Q Are there current industry forecasts regarding how benefits packages may change as the local hiring market continues to become more competitive? Are there trends or studies showing that companies are willing to create more individualized packages or unique offerings to differentiate themselves from other hiring companies?

KRIS LARSON

VP, CLIENT SERVICES

CERTES FINANCIAL PROS

A Employee benefits continue to evolve because of economic, demographic and political forces. Detailed reports describing these changes are provided by the U.S. Department of Labor and the Society for Human Resource Management.

These changes, however, are occurring in a context of two megatrends: shifting more benefit costs to employees and less government involvement.

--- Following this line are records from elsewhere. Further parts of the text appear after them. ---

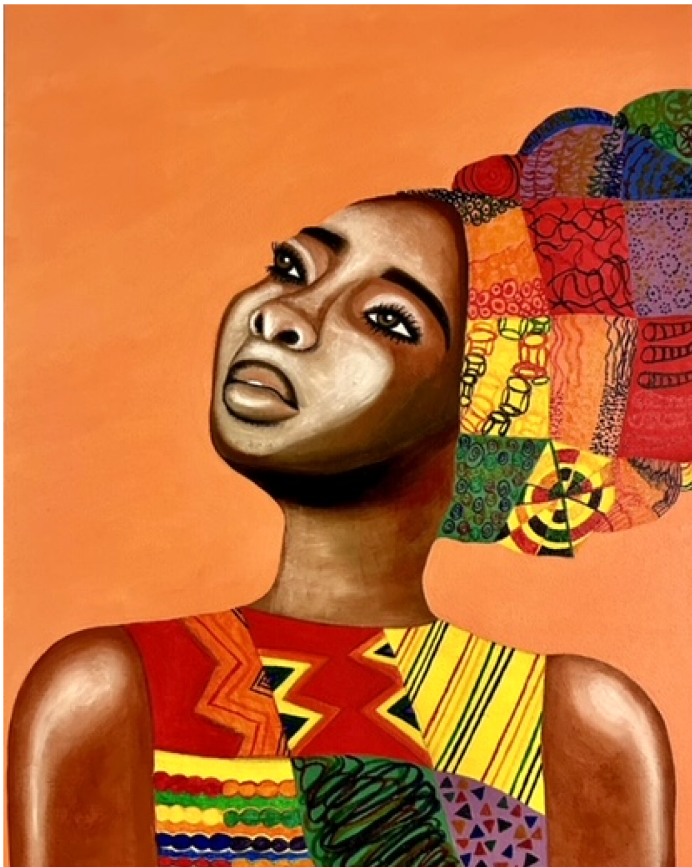
Flawless Chaos , Acrylic, oil, marker on canvas, 16 x 20 x 1 inches ($300)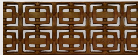
Carbochon (8" x 20")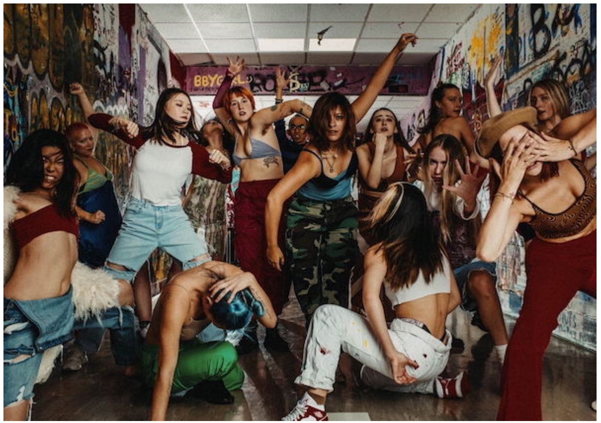
CalArts Dance.

An Evening of Dance featuring performances by the pre-professional students from the American Ballet Theatre Gillespie School is a benefit for the ballet school. Judy Morr Theater, Segerstrom Center for the Arts, 600 Town Center Dr., Costa Mesa; Sat., April 29, 5:30 pm. $150, $125 students. ocpasdedeux@gmail.com.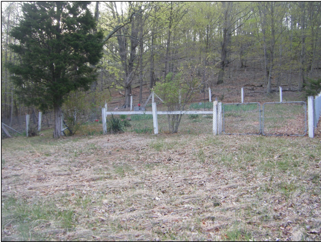
Photograph of 46-HM-225, looking east.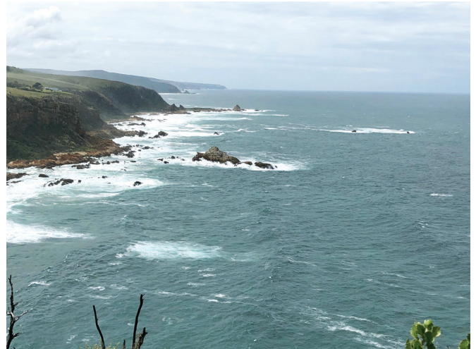
CenterState CEO travelers enjoy spectacular views of Cape Town, the Atlantic Ocean and Robben Island from Table Mountain.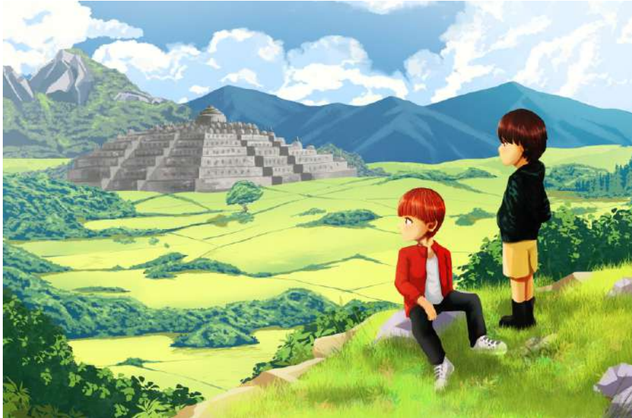
DAVID RIVALDO , Pilgrimage To The Ancestors (After A.A.J. Payen) 150 x 200 cm, Oil & Acrylic on Canvas, 2024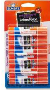
Glue Sticks barras de pegamento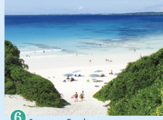
6 Sunayama Beach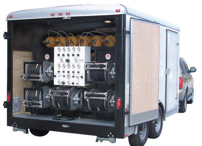
Emergency Response Trailers for Long Duration Breathing and /or Cylinder Filling Applications

6 Cylinder Slide-In Vehicle Rack System for Breathing and Filling Applications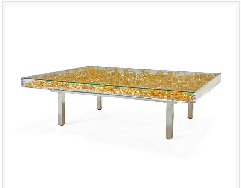
Yves Klein, (1928-1962), "Table Monogold," designed 1961/1963, Gold leaf, glass, Plexiglass, wood, and steel, 14.25" H x 49.25" W x 39.25" D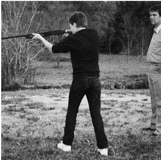
Here I am in junior high, practicing with my Ithaca pump shotgun. Ironically, I've never been much of a shot with a scattergun.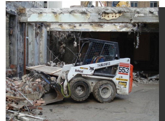
SKID STEER LOADER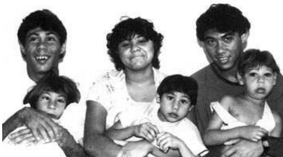
Figure 1 Six of the eight affected subjects with ages between 4 and 27 years with a diagnosis of autosomal recessive primary microcephaly.

Linkage to the five known MCPH loci was ruled out (data not shown). An autosomal chromosome screen for regions of shared homozygosity was performed on seven of the eight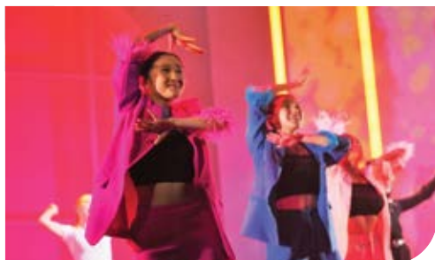
香港青年藝術協會《I'mperfect》 I'mperfect by Hong Kong Youth Arts Foundation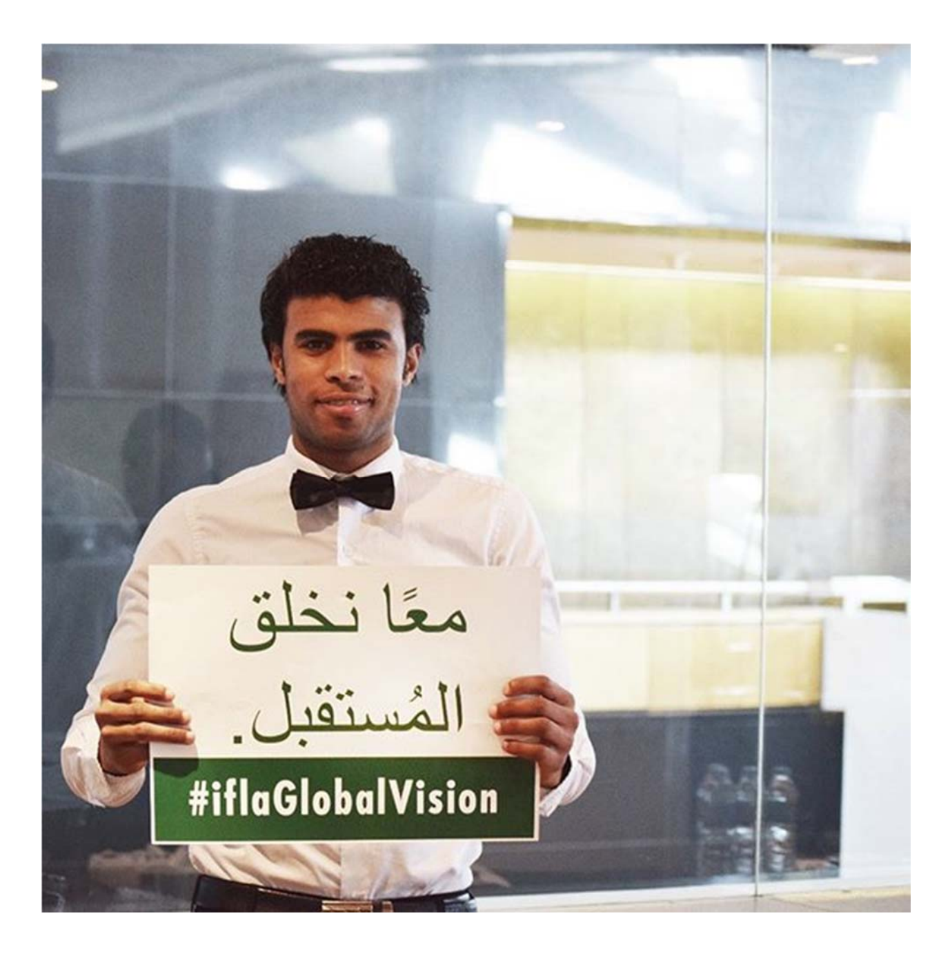
Global Vision Regional Workshop Egypt (for the Middle East and North Africa [MENA] region)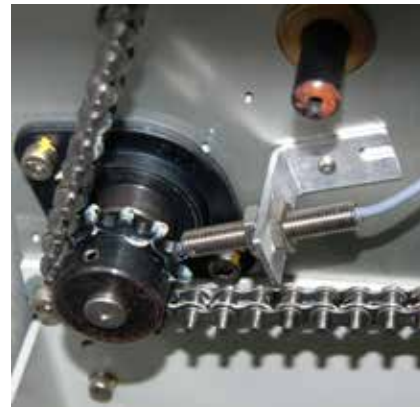
■ Figure 5. Close up of the speed sensor monitoring the conveyor speed.

All these benefits have improved manufacture and saved in time and money as it is a permanent and immediate method of profiling. Because of these obvious advantages manufacturers of military, automotive and medical devices are moving towards this technology as their preferred method of profiling as it is consistent, accurate and provides 100%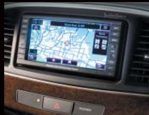
MITSUBISHI MULTI COMMUNICATION SYSTEM (MMCS)

Other features that do the thinking for you include Smart Key which provides key-less entry and operation, Dusk Sensing Headlamps and Rain Sensing Wipers.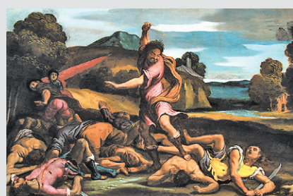
LOT 395 - CIRCLE OF AGOSTINO CARRACCI (ITALIAN 1557-1602), Samson and The Philistines, oil on panel, 16 3/8 x 25 1/4 in. Est.: $4,000-$5,000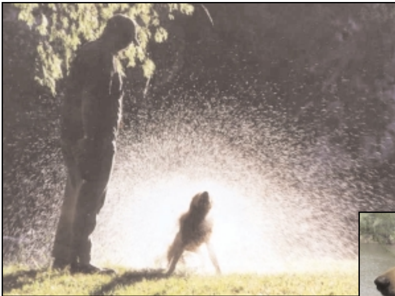
Tom Pool demonstrates the benefits of a Golden on a hot Summer Day

This section will be available for any dog pictures or pictures of club members.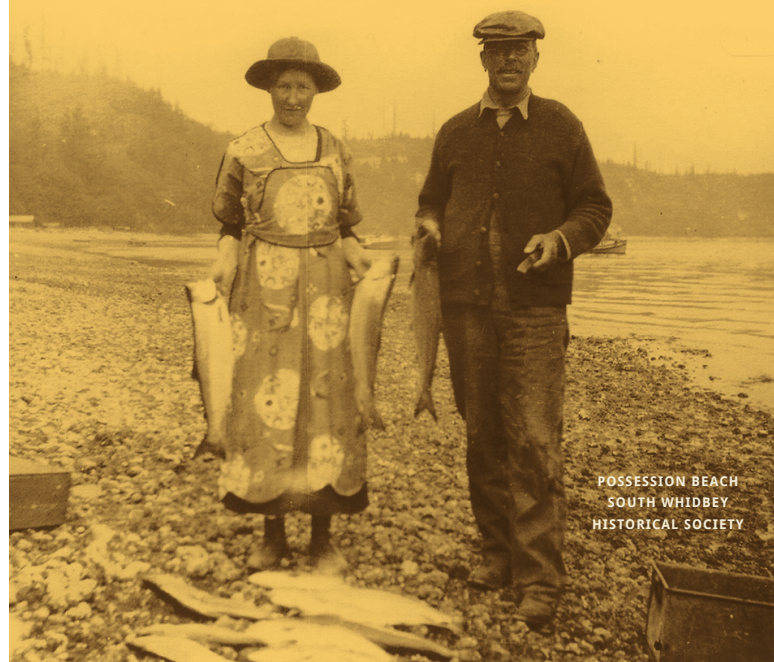
POSSESSION BEACH SOUTH WHIDBEY HISTORICAL SOCIETY

Clinton is a vibrant and historical community, and has been around since the early 1800's. To learn about the history of Clinton and other South Whidbey communities, please visit the South Whidbey Historical Museum in Langley, or go to SouthWhidbeyHistory.com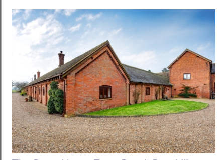
The Byre, Home Farm Road, Burnhill Green, Wolverhampton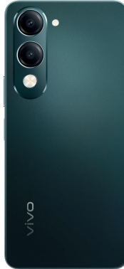
Rear view of the VIVO Y19 5G, showing the main camera setup and VIVO branding.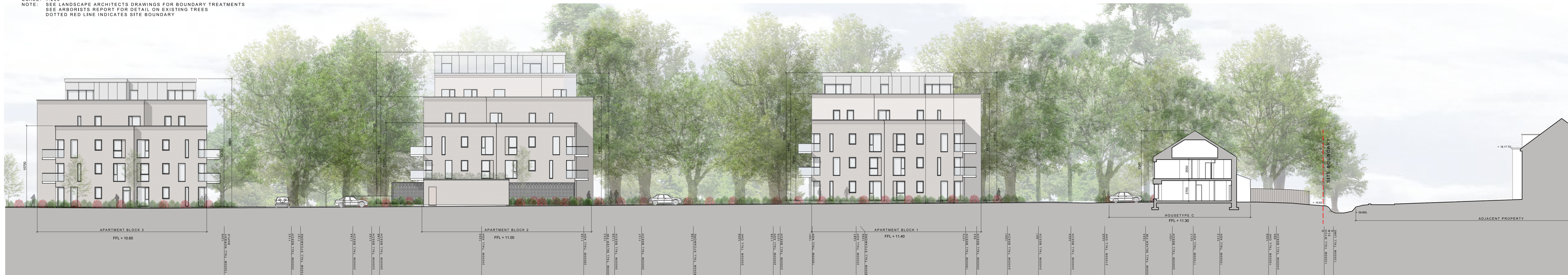
SITE SECTION N - N SCALE: 1:200 NOTE: SEE LANDSCAPE ARCHITECTS DRAWINGS FOR BOUNDARY TREATMENTS SEE ARBORISTS REPORT FOR DETAIL ON EXISTING TREES DOTTED RED LINE INDICATES SITE BOUNDARY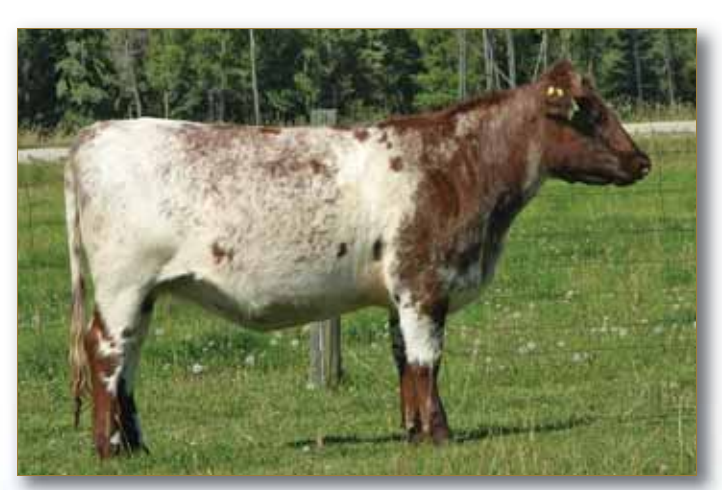
Lot 3 - Crooked Post Red Rose IOD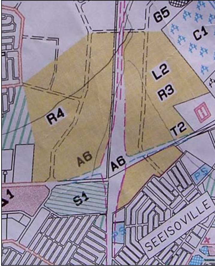
Map 3 Locality of the land proposed for development.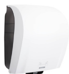
40735 Katrin Plastic Dispenser Extra Large For System Paper Towel Roll, White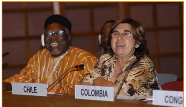
Parliamentarians from Chad and Chile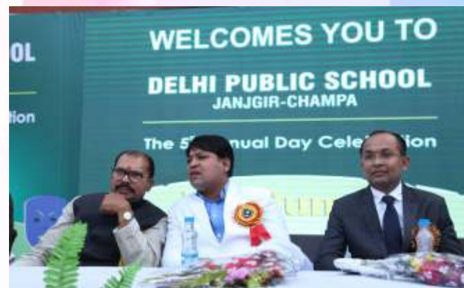
Shri Motilal Dewangan MLA Janjgir-Champa (2015-16)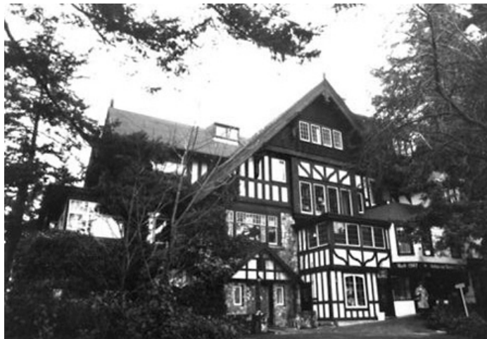
"Rosemead", the T.H. Slater Residence, Samuel Maclure architect, 1909. Now the English Inn, 429 Lampson Street, Esquimalt

The Esquimalt Archives is the most significant local collection of historic research material and is an invaluable community asset (See Section 5.12 ).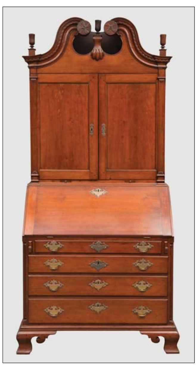
25 : RARE CHIPPENDALE CARVED CHERRYWOOD DESK AND BOOKCASE, attributed to Calvin Willey, probably Lenox, MA, ca. 1790, h: 90 in., $15,000 - 25,000

Thursday, June 2: 12 noon - 7 pm Friday, June 3: 12 noon - 7 pm Saturday, June 4: 10 am - 5 pm

Of the three parties responsible for paying for benefits (employers, employees and the government), more of the burden shifted to employees beginning in the 1980s. The most recent major benefit change occurred with the passage of the Family Medical Leave Act in 1993, which was one of many attempts to deal, in part, with an issue of growing importance: work vs. life balance.

Trends for the competitive job market today deal with medical, work vs. non-work balance and retirement issues. Many large organizations have identified the medical plans they support and have clarified the costs for services within the plans and those outside the plans.

There is also a strong movement to get employees more involved in selecting providers that offer quality services at lower costs. Smaller organizations have been banding together to negotiate with providers and insurance firms to obtain the services at more competitive costs.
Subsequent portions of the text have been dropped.